- Required work -
The whole listing below, with no pictures, is to be repeated as it stands.

- Dataset extract -
--*--

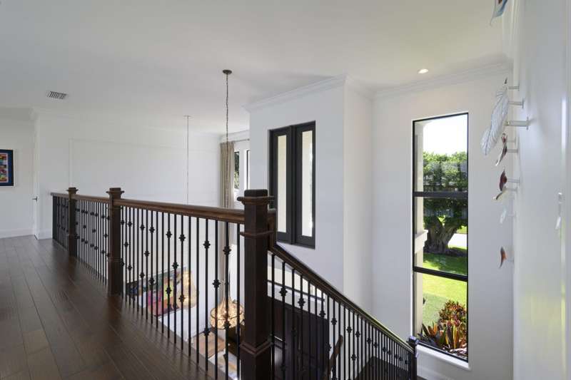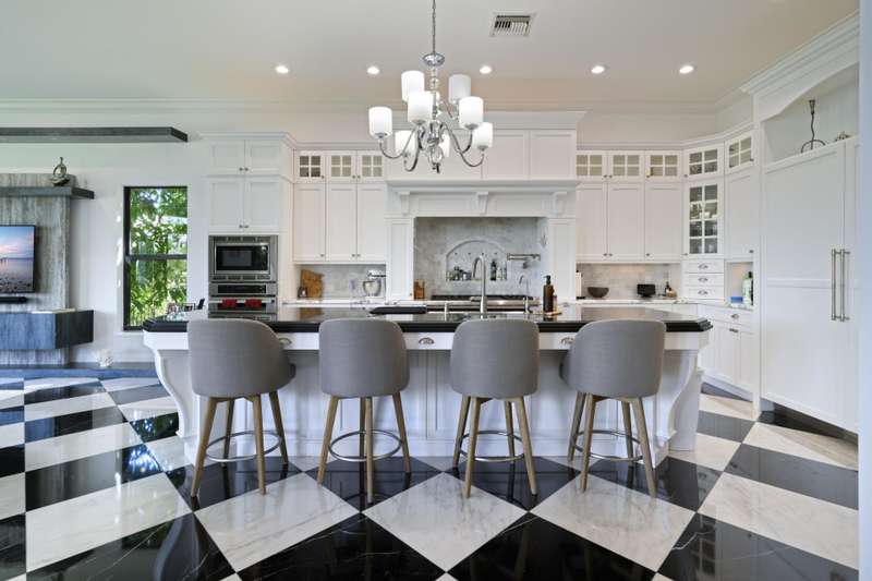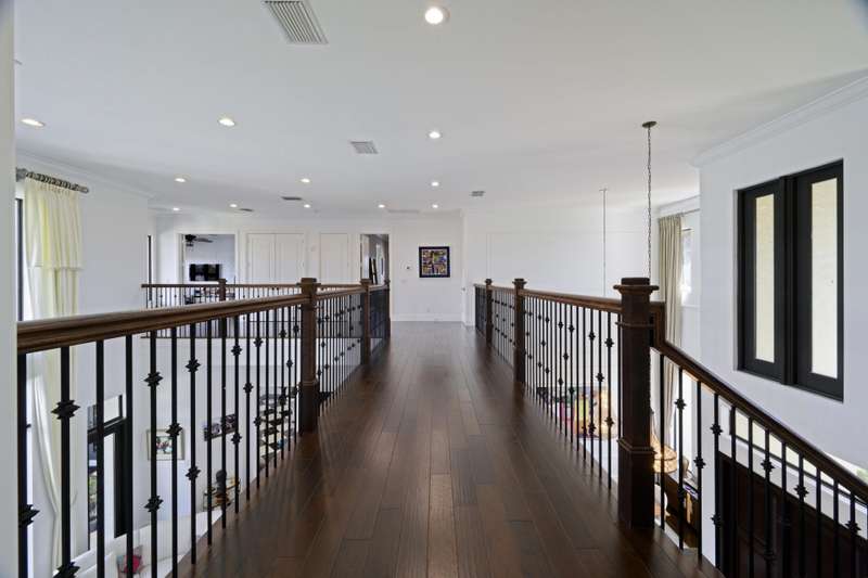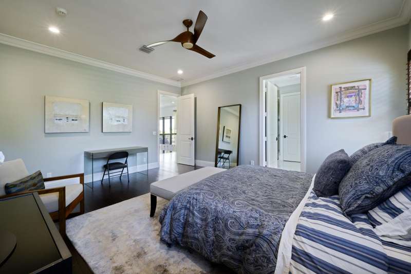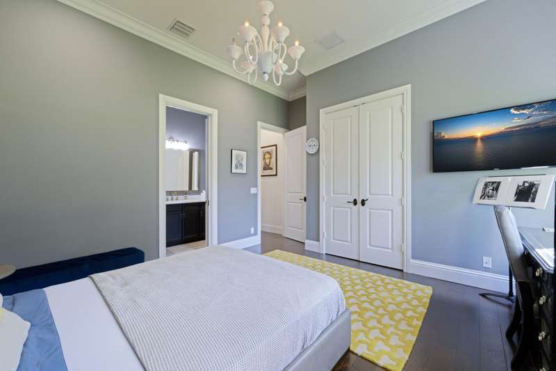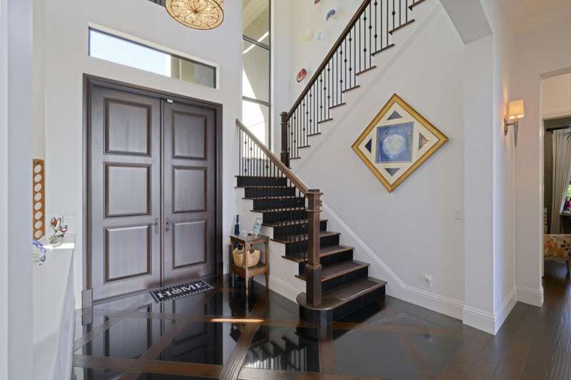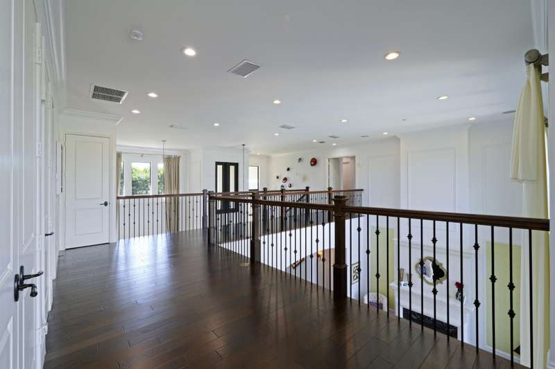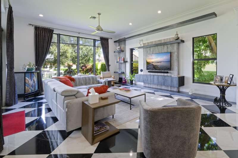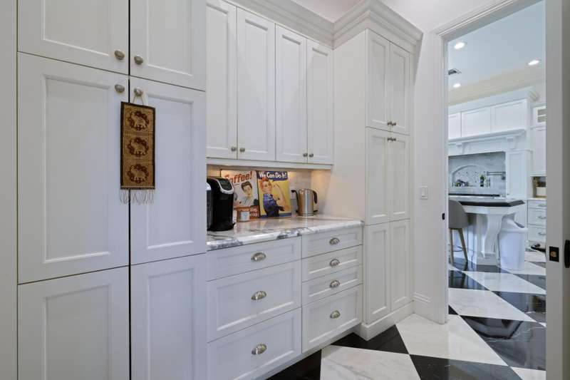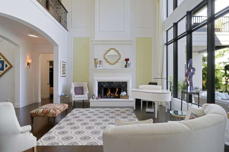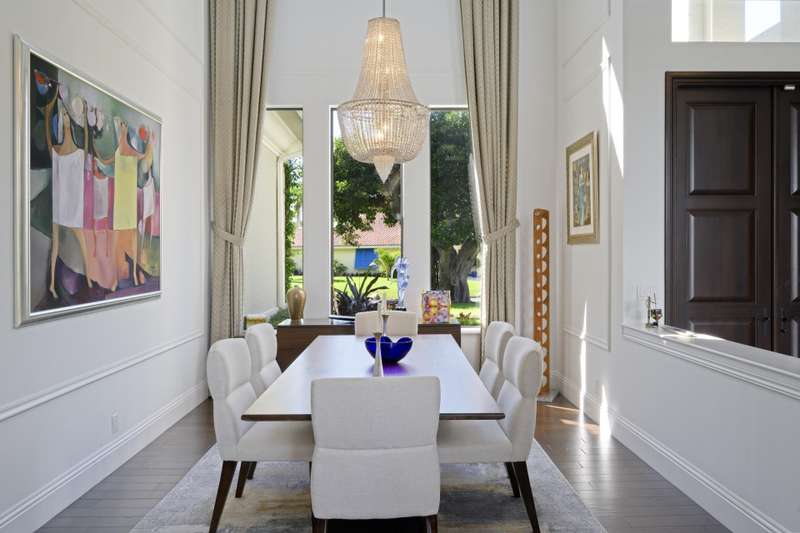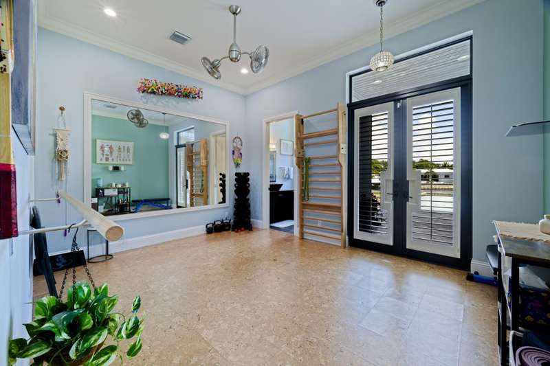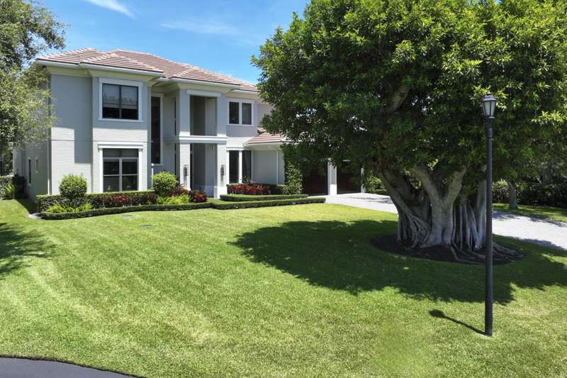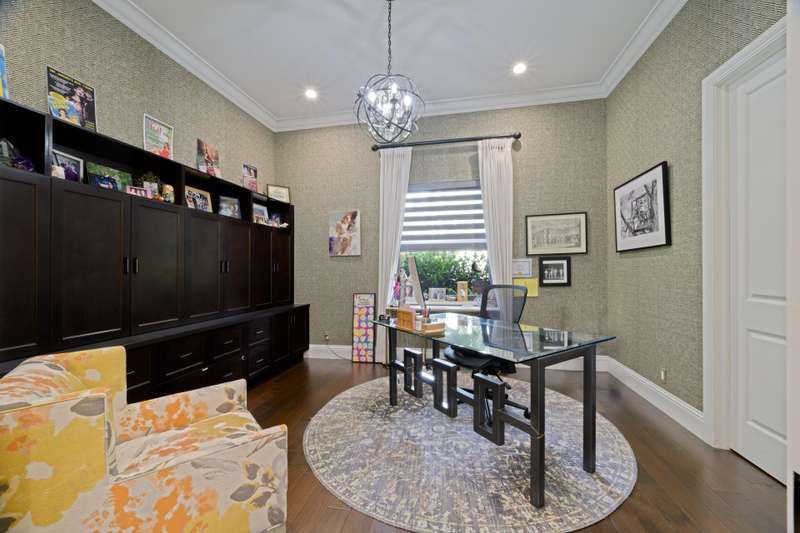 Discover timeless elegance in this stunning two-story waterfront estate located in the gated community of Portage Landing. Designed for both comfort and sophistication, this home offers 6 bedrooms (office and gym options) 4.5 baths, and exquisite craftsmanship throughout.Enter to soaring 22 ceilings, cast stone fireplace, and custom millwork. The chefs kitchen features marble floors, Thermador professional appliances, dual ovens, gas range with griddle and pot filler, butlers pantry, and granite wet bar with wine cooler. Expansive formal and casual living spaces are enhanced with marble inlays, engineered walnut wood flooring, custom drapery, and designer chandeliers--all of which convey. Retreat to the luxurious primary suite with private balcony, custom closets, and spa-like
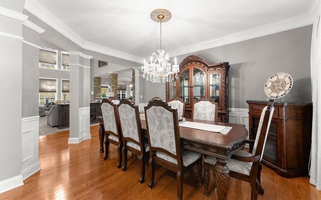Welcome Home! This warm and inviting 5-bedroom, 4-bath residence offers 6,015± square feet of beautifully designed living space on a private 1.22± acre cul-de-sac lot in the highly desirable Lake Forest community. From the moment you arrive, the fresh professional landscaping and welcoming curb appeal draw you in. Once you enter you’ll immediately notice the gleaming hardwood floors, immaculate carpets and thoughtful architectural details throughout. At the heart of the home awaits an inviting eat-in gourmet kitchen, showcasing premium stainless steel appliances, an expansive center island with breakfast seating, and generous counter space ideal for both casual cooks and seasoned chefs. Direct access from Kitchen to the beautiful screened-in porch makes it easy to enjoy morning coffee or relaxed evenings with friends and family while taking in the sounds of nature. The separate dining room is perfect for intimate family dinners or those special holiday moments offering entertaining options galore. Open views from the kitchen lead into the spacious family room, where floor-to-ceiling windows flood the space with natural light. A beautiful hearthed fireplace and custom built-ins add warmth and character, creating the perfect spot for family movie night or curling up with a good book. There's a main-floor bedroom providing a comfortable and private space for quests. Head upstairs to a charming catwalk with built-in bookshelves overlooking the main living area and the oversized Master suite. With elegant tray ceilings, a spa-like bath featuring double custom shower with soaking tub, as well as a walk-in closet that could make anyone envious, this is the perfect escape at the end of the day. 2 spacious secondary bedrooms share a Jack-and-Jill bath, and the oversized flex room offers endless possibilities — media room, playroom, or even an additional bedroom. (Seller is open to adding a closet here or in the basement bedroom if desired.) The finished basement is equally impressive, with a full wet bar and kitchenette, large living area with cozy fireplace, a home office, workout room, and guest suite making an ideal place for entertaining, relaxing, or hosting long-term visitors. At the end of the day enjoy your own outside private oasis featuring a NEW Trex deck, cozy fire pit, with wooded backdrop for added privacy. A storage shed keeps outdoor toys and tools tucked away, leaving the three-car garage open for vehicles and maybe even a workbench. The lifetime warranty roof insures low maintenace cost, and the meticulous upkeep all reflect the pride of ownership throughout. The Lake Forest community is known for its friendly atmosphere, wonderful amenities, and access to a peaceful lake — perfect for a little lake life whenever you want it. Impeccably maintained and full of charm, this home perfectly blends comfort, elegance, and functionality — a truly special place you’ll be proud to call home.
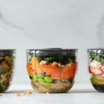 Misture a aveia, o leite e despeje no fundo de um pote de vidro. Cubra com metade da porção de manga e o coco ralado. Em seguida, coloque metade do iogurte e o restante da manga. Adicione a outra metade de iogurte e cubra com granola. Deixe descansar na geladeira de um dia para o outro.
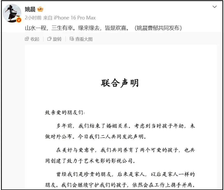 姚晨和曹郁一样逃不过,姚晨再次离婚之后,尽管双方竭力表现出体面,离婚声明都字字斟酌,还是有爆料称姚晨的第二任丈夫也出了轨。

--*--

- Answer to this task -
 Discover timeless elegance in this stunning two-story waterfront estate located in the gated community of Portage Landing. Designed for both comfort and sophistication, this home offers 6 bedrooms (office and gym options) 4.5 baths, and exquisite craftsmanship throughout.Enter to soaring 22 ceilings, cast stone fireplace, and custom millwork. The chefs kitchen features marble floors, Thermador professional appliances, dual ovens, gas range with griddle and pot filler, butlers pantry, and granite wet bar with wine cooler. Expansive formal and casual living spaces are enhanced with marble inlays, engineered walnut wood flooring, custom drapery, and designer chandeliers--all of which convey. Retreat to the luxurious primary suite with private balcony, custom closets, and spa-like
Welcome Home! This warm and inviting 5-bedroom, 4-bath residence offers 6,015± square feet of beautifully designed living space on a private 1.22± acre cul-de-sac lot in the highly desirable Lake Forest community. From the moment you arrive, the fresh professional landscaping and welcoming curb appeal draw you in. Once you enter you’ll immediately notice the gleaming hardwood floors, immaculate carpets and thoughtful architectural details throughout. At the heart of the home awaits an inviting eat-in gourmet kitchen, showcasing premium stainless steel appliances, an expansive center island with breakfast seating, and generous counter space ideal for both casual cooks and seasoned chefs. Direct access from Kitchen to the beautiful screened-in porch makes it easy to enjoy morning coffee or relaxed evenings with friends and family while taking in the sounds of nature. The separate dining room is perfect for intimate family dinners or those special holiday moments offering entertaining options galore. Open views from the kitchen lead into the spacious family room, where floor-to-ceiling windows flood the space with natural light. A beautiful hearthed fireplace and custom built-ins add warmth and character, creating the perfect spot for family movie night or curling up with a good book. There's a main-floor bedroom providing a comfortable and private space for quests. Head upstairs to a charming catwalk with built-in bookshelves overlooking the main living area and the oversized Master suite. With elegant tray ceilings, a spa-like bath featuring double custom shower with soaking tub, as well as a walk-in closet that could make anyone envious, this is the perfect escape at the end of the day. 2 spacious secondary bedrooms share a Jack-and-Jill bath, and the oversized flex room offers endless possibilities — media room, playroom, or even an additional bedroom. (Seller is open to adding a closet here or in the basement bedroom if desired.) The finished basement is equally impressive, with a full wet bar and kitchenette, large living area with cozy fireplace, a home office, workout room, and guest suite making an ideal place for entertaining, relaxing, or hosting long-term visitors. At the end of the day enjoy your own outside private oasis featuring a NEW Trex deck, cozy fire pit, with wooded backdrop for added privacy. A storage shed keeps outdoor toys and tools tucked away, leaving the three-car garage open for vehicles and maybe even a workbench. The lifetime warranty roof insures low maintenace cost, and the meticulous upkeep all reflect the pride of ownership throughout. The Lake Forest community is known for its friendly atmosphere, wonderful amenities, and access to a peaceful lake — perfect for a little lake life whenever you want it. Impeccably maintained and full of charm, this home perfectly blends comfort, elegance, and functionality — a truly special place you’ll be proud to call home.
 Misture a aveia, o leite e despeje no fundo de um pote de vidro. Cubra com metade da porção de manga e o coco ralado. Em seguida, coloque metade do iogurte e o restante da manga. Adicione a outra metade de iogurte e cubra com granola. Deixe descansar na geladeira de um dia para o outro.
 姚晨和曹郁一样逃不过,姚晨再次离婚之后,尽管双方竭力表现出体面,离婚声明都字字斟酌,还是有爆料称姚晨的第二任丈夫也出了轨。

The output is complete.